Is she afraid of dying?
“No, if you asked me 10 years ago, do you want to do a bungee jump – are you crazy? I’m not afraid any more. I risk everything, and I love it, to do all these things, because I’m not afraid to die any more,” she says.
“To me, death is peaceful, something that gives me a good feeling.”
‘I was thinking about how I was going to kill myself’
Vervoort’s fridge is well stocked. Not with food on the day we’re there, but with sparkling wine. She opens a bottle before dinner. It’s part of her pain relief.
We go to eat with her at a restaurant in Diest, where she is the guest of honour. She recommends the sizzling beef and the shrimp tagliatelle, both delicious. It’s a great night.
The next day we arrive to do one last interview but find Vervoort curled up on the couch, exhausted and barely conscious after a pain-racked night.
She called the nurses in the early hours to administer morphine. Zenn keeps close to her mistress’ side.
It’s hard to believe this is the irrepressible woman we spent the previous day with, and a stark reminder of how unpredictable her illness is.
But 40 minutes later, she wants to talk again. We talk about the reason she chose euthanasia over suicide.
“If I didn’t have those papers, I wouldn’t have been able to go into the Paralympics. I was a very depressed person – I was thinking about how I was going to kill myself,” she explains.
“In England, I hope, and every country, they will look at euthanasia in another way – it’s not murder. I’m the best example. It’s thanks to those papers that I’m still living.
“All those people who get those papers here in Belgium – they have a good feeling. They don’t have to die in pain. They can choose a moment, and be with the people they want to be with. With euthanasia you’re sure that you will have a soft, beautiful death.”
The conversation finishes in gales of laughter when Zenn, sensing the mood, decides to lighten it by passing wind.
Seconds later, Vervoort’s eyes roll backwards. She’s having an epileptic fit. We hit the red button and medical staff are there within a minute. It’s become part of her life.
A couple of hours later she is in Brussels, giving a motivational speech and saying yes to selfies and autographs for anyone who wants them.
She is determined not to waste a second of the life she has remaining.
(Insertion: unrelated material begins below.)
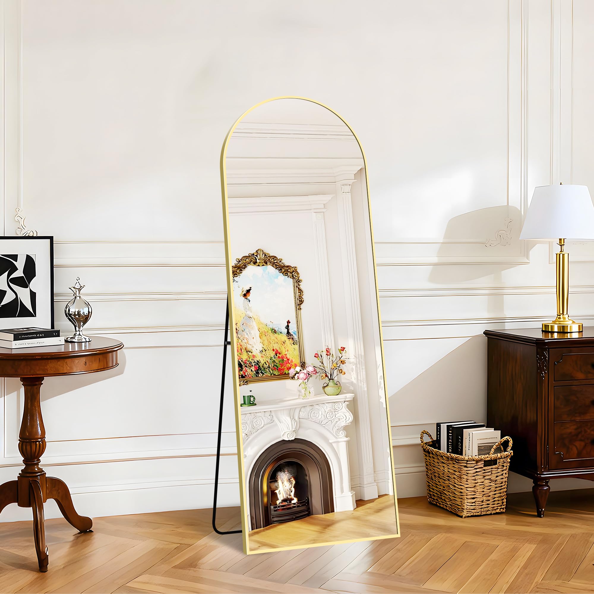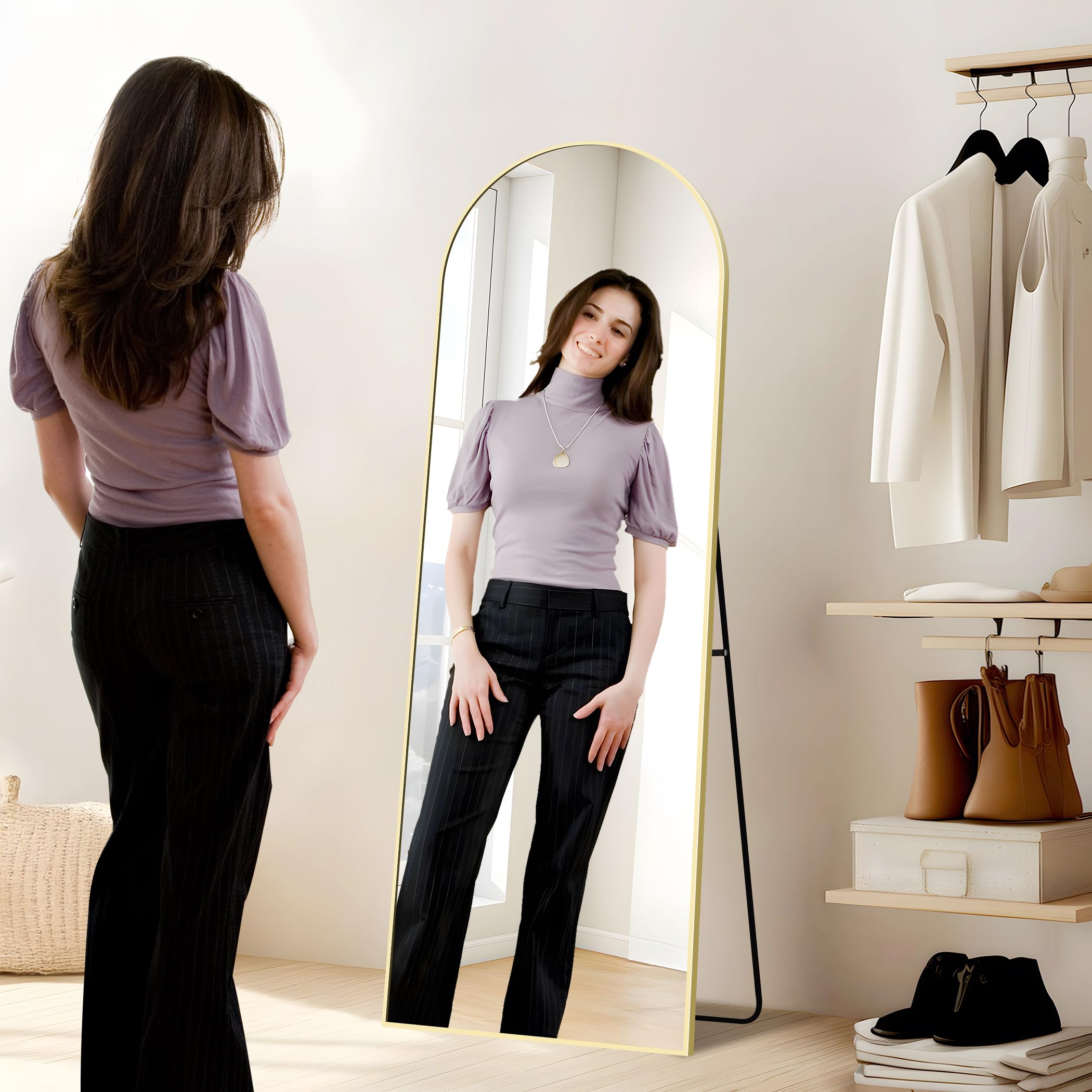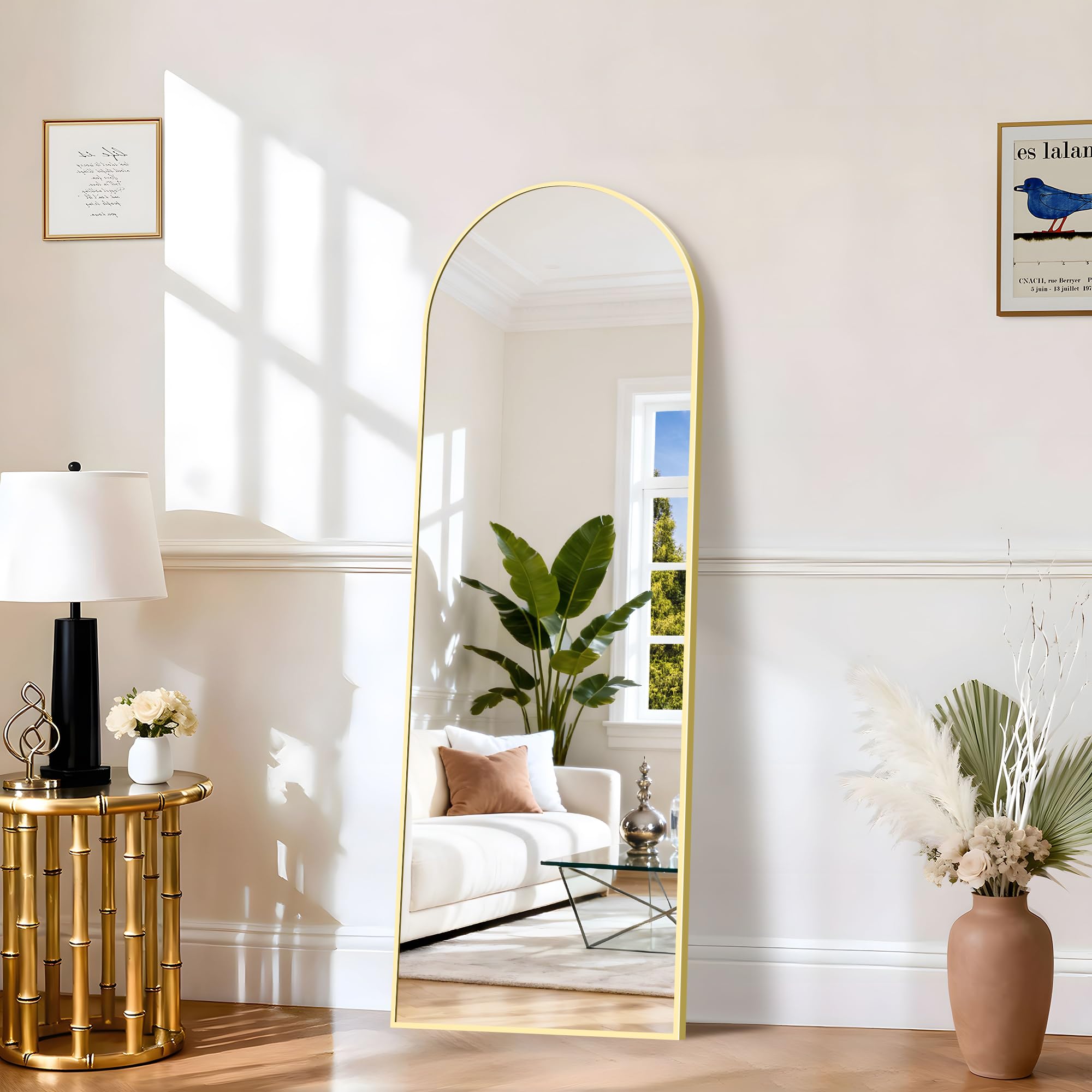 KOCUUY Bogen Standspiegel, 147 x 47 cm Grosser Gewölbter Ganzkörperspiegel, Gross Wandspiegel mit Gold Aluminium Rahmen, Hängend, Stehend, Kippbar, für Wohnzimmer, Schlafzimmer und Flure

She has planned her funeral, and it involves a lot of sparkling wine. She also knows what she wants her eulogy to say.
“I prepared everything. I wrote to every person who’s in my heart. I wrote to every person a letter when I could still do it with my hands,” she says.
“I wrote texts that they have to read. I want that everybody takes a glass of Cava, [and toasts me] because she had a really good life. She had a really bad disease, but thanks to that disease, she was able to do things that people can only dream about, because I was mentally so strong.
“I want people to remember that Marieke was somebody living day by day and enjoying every little moment.”